Josephus states that Herod Antipas imprisoned John the Baptist for political reasons. Herod feared John’s growing influence in Judea and his potential to stir up a rebellion. John’s preaching drew crowds of believers who looked for the Messiah. As John’s work prepared the way for Christ, he made strong demands for repentance. His bold pronouncements against sin put him at cross-purposes with Herodias.

Herodias had divorced Salome’s father, Herod Philip I, to marry his brother, Herod Antipas. Antipas divorced his wife and made Herodias queen in her place. However, John had more than once told Herod, It is not lawful for you to have your brother’s wife (Mark 6:18) and condemned the marriage as incestuous. This rebuke threatened Herodias’ position, and she hated John for it.


The Bible states that Herod imprisoned John for his wife’s sake (Matt.14:3), and Josephus cites the additional political reasons that also figured into his action. Herodias was not satisfied with John being in prison. She wanted him dead but Herod “feared John and protected him, knowing him to be a righteous and holy man” (Mark 6:19-20). After some ten months, an occasion for revenge presented itself at Herod’s birthday banquet.

Edersheim places these festivities in early spring, “before the Passover, the anniversary of the death of Herod the Great and of the accession of (his son) Herod Antipas to the Tetrarchy.”[2] Herod gave a banquet for his officials, military officers and leading citizens. As part of the entertainment, “the daughter of Herodias came in and danced [and] she pleased Herod and his dinner guests” (Mark 6:22). As a reward for her performance, Herod granted Salome an extravagant gift that ended in John’s murder.

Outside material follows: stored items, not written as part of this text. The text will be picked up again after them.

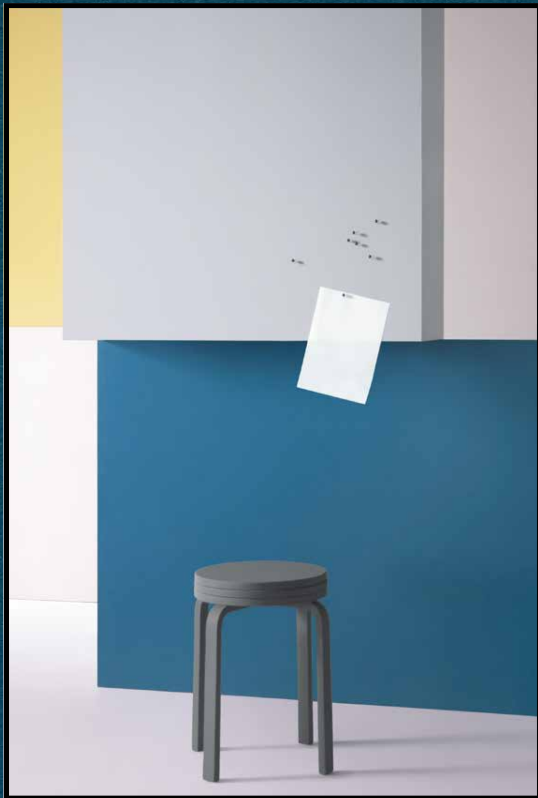
2162 | duck egg 2186 | blanded almond 2214 | blue berry 3363 | walton lilac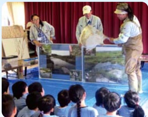
△「川の魚はこんな道具でとるんだよ」

遊水地の看板除幕式に参加し、川や水辺に住む生き物に興味を持った子どもたちは、この学習会を大変楽しみにしていました。会場には、木津川に生息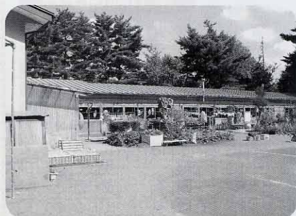
老朽化している現在の広丘東保育園

明細を提出いただけない家庭について調査する。自営や農業については、別の証明を出していただくことにしている。 問 入所要件を満たしていないと思われる家庭を個別に選考会議が調査するのが筋だ。全家庭にネットを掛け調査することは、子育て世帯に無用なマイナスイメージを与えてしまう。給与明細を提出しない家庭に、退園届を出すように「指導」とあるが、本来は自主的に出すものであり、「指導」するものではない。意図的な保育解除処分でなく、自主退園とし、行政訴訟逃れではないか。(中村) 答 退園届は入所要件を満たさなくなったことを確認するために提出していただく。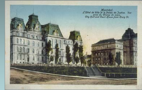
Carte postale du Champ-de-mars, collection BNC.

« L'Association nocturne », La Presse, 30 juin 1886. Nous remercions Cypille Folléau qui a reproduit cet article dans son Histoire de La Presse, Les éditions La Presse, Montréal, 1983.

Co-conspirator or innocent pawn?

How old was Salome when she danced? What kind of dance did she perform? Was she a co-conspirator or an innocent pawn in John’s beheading? Historians present both sides. Noted scholars Alfred Edersheim and Herbert Lochyer portray Salome as a seductress in league with her mother. Her dance, they believe, was a brazen, sensuous trap planned by Herodias.[3] “The evil heart of Herodias planned the evil act of Salome’s dance, and God’s greatest prophet died.”[4] Oscar Wilde in his play Salome and Richard Strauss’s opera adaptation of it reinforced Salome’s sensuous reputation by including the “Dance of the Seven Veils,” a suggestive shedding of veils performed to arouse lustful passion in King Herod.[5]

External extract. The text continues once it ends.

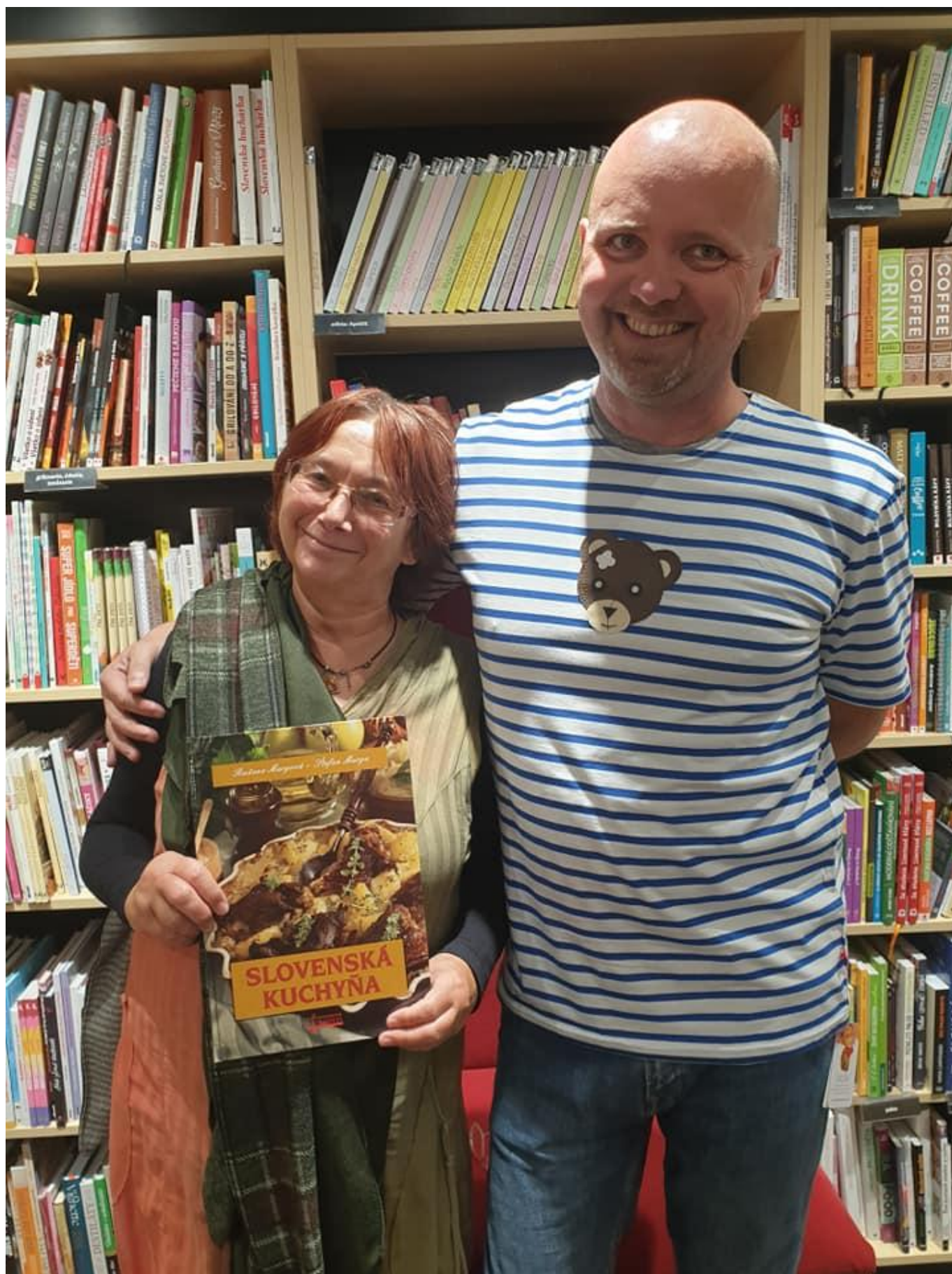
[15] Exkurze v knihkupectví Martinus v Bratislavě

Youthful exuberance or provocative passion?

The Expositor’s Commentary strikes a middle ground in saying that the dance “may have been very sensual, but the text does not say so.”[6] John Gill comes down on the other side and states that Salome’s dance was “cheerful” and the “airs, gestures, and motions…were so extremely fine and regular, that she gave wonderful satisfaction and delight to Herod, and the whole company.”[7] Those who favor a more encouraging picture of Salome state that the Greek word used for “dance” is the same word used in the Bible for children dancing in street games. Salome entertained her stepfather and his guests with a dance performed artistically. As a father, Herod was pleased that his stepdaughter had performed well.

English: Herodias

English: Herodias (Photo credit: Wikipedia)

A deadly deed in progress

These scholars also cite the word korasion, a diminutive form of the Greek word kore that means “girl.” Salome was a korasion, a little girl, perhaps pre-puberty. She may have been a small child or possibly a little girl of eleven to thirteen. A supporting text shows that Salome was still dependent on her mother’s guidance. She was unprepared to answer Herod’s offer of a reward “up to half the kingdom.” She didn’t know what to ask for and had to be “prompted by her mother” (Matt. 14:8). In other words, Herodias didn’t have a plan until Salome said, I don’t know what to ask for, Mother.

Upon consideration

I lean toward Salome being a young girl who danced with youthfulness and pleased King Herod. I think it probable that Herodias snapped up Herod’s offer to Salome. She compelled her daughter to do the dirty work of asking for John’s head. She forced Herod into a decision he couldn’t retract.

The rest of her story

Shortly after John’s beheading, Antipas arranged for Salome to marry her great-uncle, Philip the Tetrarch. The couple was childless, and Philip died within about two years. Salome then married her cousin Aristobulus of Chalcis.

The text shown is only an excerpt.